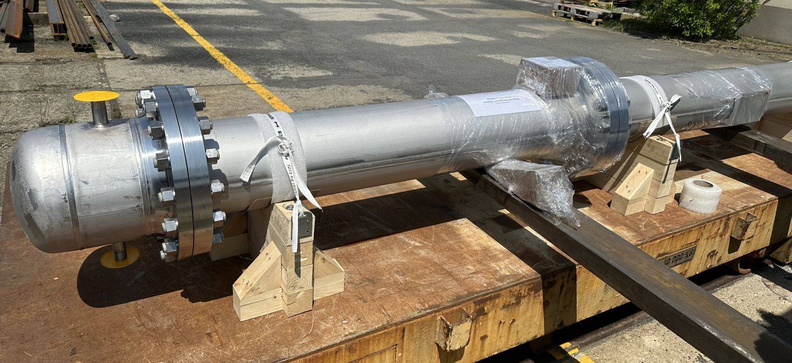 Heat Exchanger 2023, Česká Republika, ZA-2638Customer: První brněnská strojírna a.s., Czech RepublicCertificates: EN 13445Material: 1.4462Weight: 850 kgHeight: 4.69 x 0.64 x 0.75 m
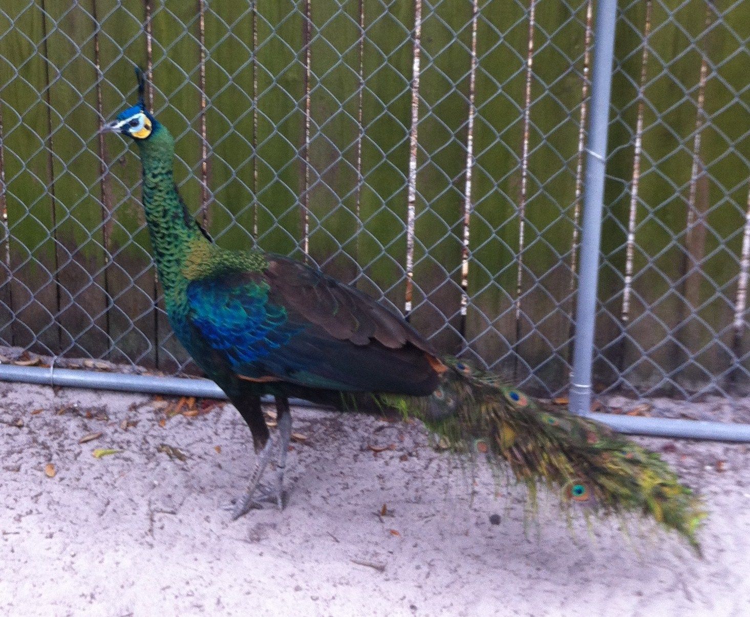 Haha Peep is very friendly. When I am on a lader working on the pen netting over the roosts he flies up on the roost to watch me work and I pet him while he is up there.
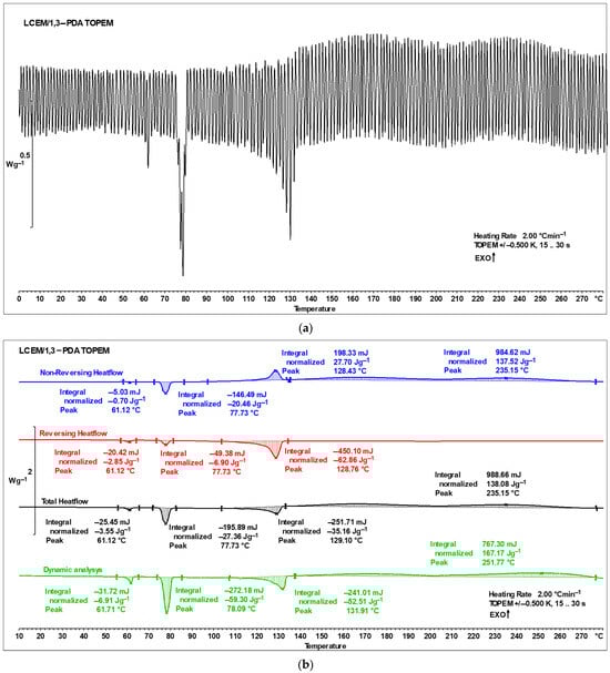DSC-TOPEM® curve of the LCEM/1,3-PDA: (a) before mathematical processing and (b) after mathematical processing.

++++++++

In the data, the line that contains "Haha Peep is" begins the part to write out; restate it and each line after it word for word through the end, with no pictures.

 Haha Peep is very friendly. When I am on a lader working on the pen netting over the roosts he flies up on the roost to watch me work and I pet him while he is up there.
DSC-TOPEM® curve of the LCEM/1,3-PDA: (a) before mathematical processing and (b) after mathematical processing.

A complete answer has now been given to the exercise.